**WHAT TO DO:** Without the pictures, output the records below exactly as they are.

======== INFORMATION GIVEN ========

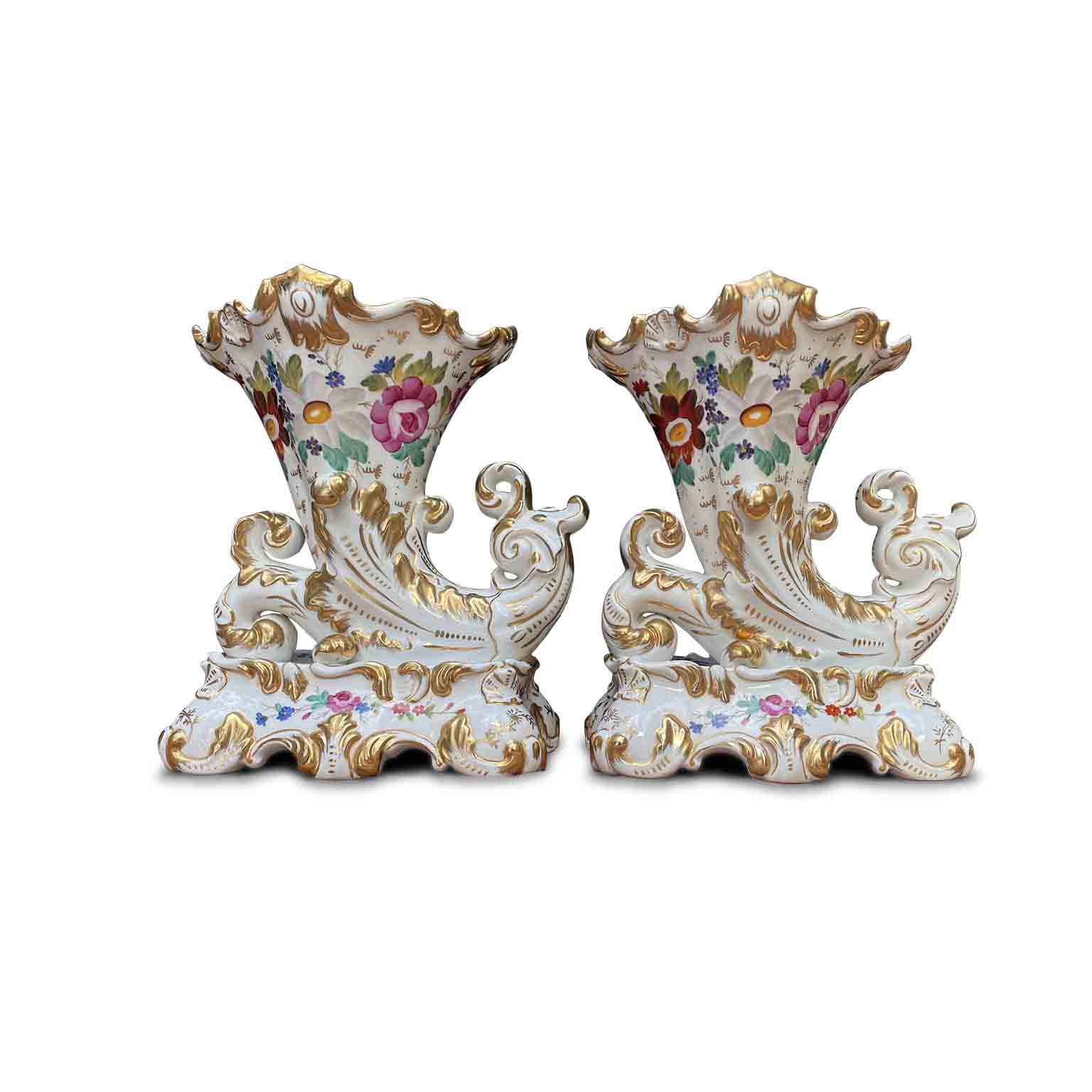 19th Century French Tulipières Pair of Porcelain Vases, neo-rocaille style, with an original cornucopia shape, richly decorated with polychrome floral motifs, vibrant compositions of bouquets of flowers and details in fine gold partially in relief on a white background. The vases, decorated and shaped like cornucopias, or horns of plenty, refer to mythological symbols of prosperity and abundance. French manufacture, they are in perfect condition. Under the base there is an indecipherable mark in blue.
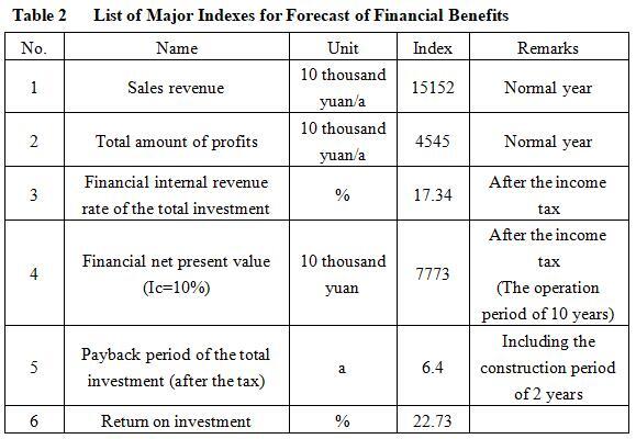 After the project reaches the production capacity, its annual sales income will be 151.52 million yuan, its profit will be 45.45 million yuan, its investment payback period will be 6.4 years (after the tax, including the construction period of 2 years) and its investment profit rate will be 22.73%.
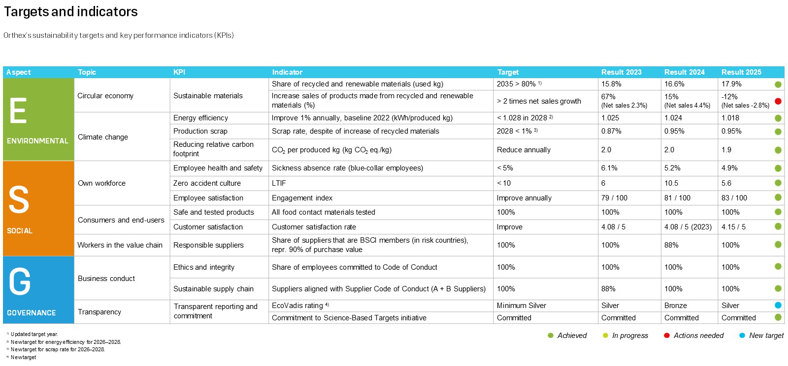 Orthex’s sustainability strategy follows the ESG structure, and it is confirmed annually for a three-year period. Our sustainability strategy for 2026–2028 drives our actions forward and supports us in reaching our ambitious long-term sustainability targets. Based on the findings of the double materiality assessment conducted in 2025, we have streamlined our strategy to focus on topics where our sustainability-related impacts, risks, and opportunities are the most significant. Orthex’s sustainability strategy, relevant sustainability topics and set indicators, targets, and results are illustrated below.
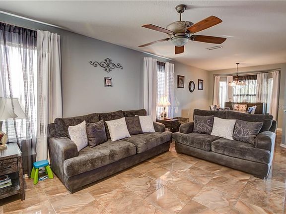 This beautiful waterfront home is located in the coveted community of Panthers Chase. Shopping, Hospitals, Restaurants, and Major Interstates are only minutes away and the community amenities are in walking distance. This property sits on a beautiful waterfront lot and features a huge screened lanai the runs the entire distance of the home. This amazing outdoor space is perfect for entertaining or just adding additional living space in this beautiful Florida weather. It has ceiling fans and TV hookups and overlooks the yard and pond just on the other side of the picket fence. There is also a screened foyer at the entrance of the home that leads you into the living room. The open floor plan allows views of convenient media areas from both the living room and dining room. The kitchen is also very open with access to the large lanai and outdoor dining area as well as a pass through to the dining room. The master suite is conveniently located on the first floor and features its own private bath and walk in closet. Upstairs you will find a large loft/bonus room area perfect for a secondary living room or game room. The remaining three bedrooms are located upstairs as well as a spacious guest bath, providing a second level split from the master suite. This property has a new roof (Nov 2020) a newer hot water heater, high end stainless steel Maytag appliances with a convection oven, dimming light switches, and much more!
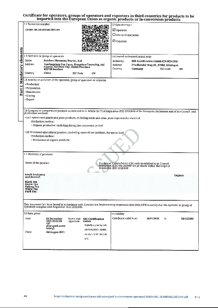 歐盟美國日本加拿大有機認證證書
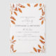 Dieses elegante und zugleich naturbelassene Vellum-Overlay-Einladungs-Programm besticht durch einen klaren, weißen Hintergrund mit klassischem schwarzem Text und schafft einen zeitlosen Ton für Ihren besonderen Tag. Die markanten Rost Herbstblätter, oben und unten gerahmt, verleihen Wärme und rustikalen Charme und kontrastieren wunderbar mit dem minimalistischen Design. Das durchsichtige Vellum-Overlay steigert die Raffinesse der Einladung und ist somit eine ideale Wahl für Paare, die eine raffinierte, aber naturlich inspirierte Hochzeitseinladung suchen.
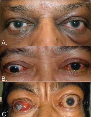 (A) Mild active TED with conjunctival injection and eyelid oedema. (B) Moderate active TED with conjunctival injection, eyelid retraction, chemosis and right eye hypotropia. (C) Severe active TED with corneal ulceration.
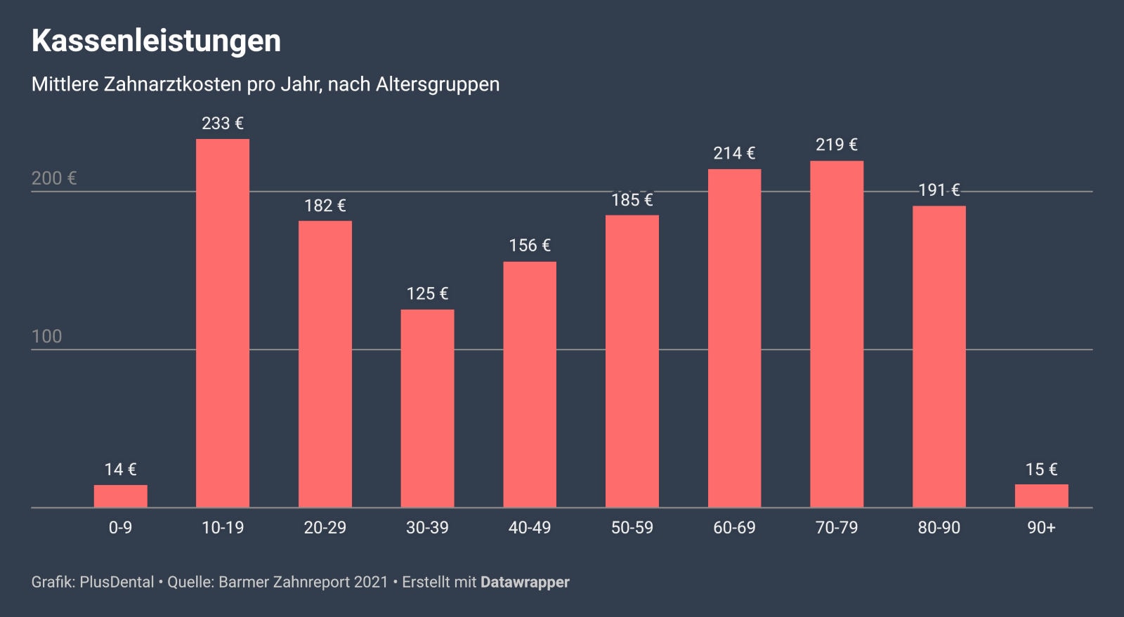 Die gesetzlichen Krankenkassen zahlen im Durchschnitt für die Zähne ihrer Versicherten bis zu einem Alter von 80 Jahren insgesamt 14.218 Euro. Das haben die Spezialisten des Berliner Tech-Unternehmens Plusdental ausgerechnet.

========

**ANSWER SECTION:**
 19th Century French Tulipières Pair of Porcelain Vases, neo-rocaille style, with an original cornucopia shape, richly decorated with polychrome floral motifs, vibrant compositions of bouquets of flowers and details in fine gold partially in relief on a white background. The vases, decorated and shaped like cornucopias, or horns of plenty, refer to mythological symbols of prosperity and abundance. French manufacture, they are in perfect condition. Under the base there is an indecipherable mark in blue.
 After the project reaches the production capacity, its annual sales income will be 151.52 million yuan, its profit will be 45.45 million yuan, its investment payback period will be 6.4 years (after the tax, including the construction period of 2 years) and its investment profit rate will be 22.73%.
 Orthex’s sustainability strategy follows the ESG structure, and it is confirmed annually for a three-year period. Our sustainability strategy for 2026–2028 drives our actions forward and supports us in reaching our ambitious long-term sustainability targets. Based on the findings of the double materiality assessment conducted in 2025, we have streamlined our strategy to focus on topics where our sustainability-related impacts, risks, and opportunities are the most significant. Orthex’s sustainability strategy, relevant sustainability topics and set indicators, targets, and results are illustrated below.
 This beautiful waterfront home is located in the coveted community of Panthers Chase. Shopping, Hospitals, Restaurants, and Major Interstates are only minutes away and the community amenities are in walking distance. This property sits on a beautiful waterfront lot and features a huge screened lanai the runs the entire distance of the home. This amazing outdoor space is perfect for entertaining or just adding additional living space in this beautiful Florida weather. It has ceiling fans and TV hookups and overlooks the yard and pond just on the other side of the picket fence. There is also a screened foyer at the entrance of the home that leads you into the living room. The open floor plan allows views of convenient media areas from both the living room and dining room. The kitchen is also very open with access to the large lanai and outdoor dining area as well as a pass through to the dining room. The master suite is conveniently located on the first floor and features its own private bath and walk in closet. Upstairs you will find a large loft/bonus room area perfect for a secondary living room or game room. The remaining three bedrooms are located upstairs as well as a spacious guest bath, providing a second level split from the master suite. This property has a new roof (Nov 2020) a newer hot water heater, high end stainless steel Maytag appliances with a convection oven, dimming light switches, and much more!
 歐盟美國日本加拿大有機認證證書
 Dieses elegante und zugleich naturbelassene Vellum-Overlay-Einladungs-Programm besticht durch einen klaren, weißen Hintergrund mit klassischem schwarzem Text und schafft einen zeitlosen Ton für Ihren besonderen Tag. Die markanten Rost Herbstblätter, oben und unten gerahmt, verleihen Wärme und rustikalen Charme und kontrastieren wunderbar mit dem minimalistischen Design. Das durchsichtige Vellum-Overlay steigert die Raffinesse der Einladung und ist somit eine ideale Wahl für Paare, die eine raffinierte, aber naturlich inspirierte Hochzeitseinladung suchen.
 (A) Mild active TED with conjunctival injection and eyelid oedema. (B) Moderate active TED with conjunctival injection, eyelid retraction, chemosis and right eye hypotropia. (C) Severe active TED with corneal ulceration.
 Die gesetzlichen Krankenkassen zahlen im Durchschnitt für die Zähne ihrer Versicherten bis zu einem Alter von 80 Jahren insgesamt 14.218 Euro. Das haben die Spezialisten des Berliner Tech-Unternehmens Plusdental ausgerechnet.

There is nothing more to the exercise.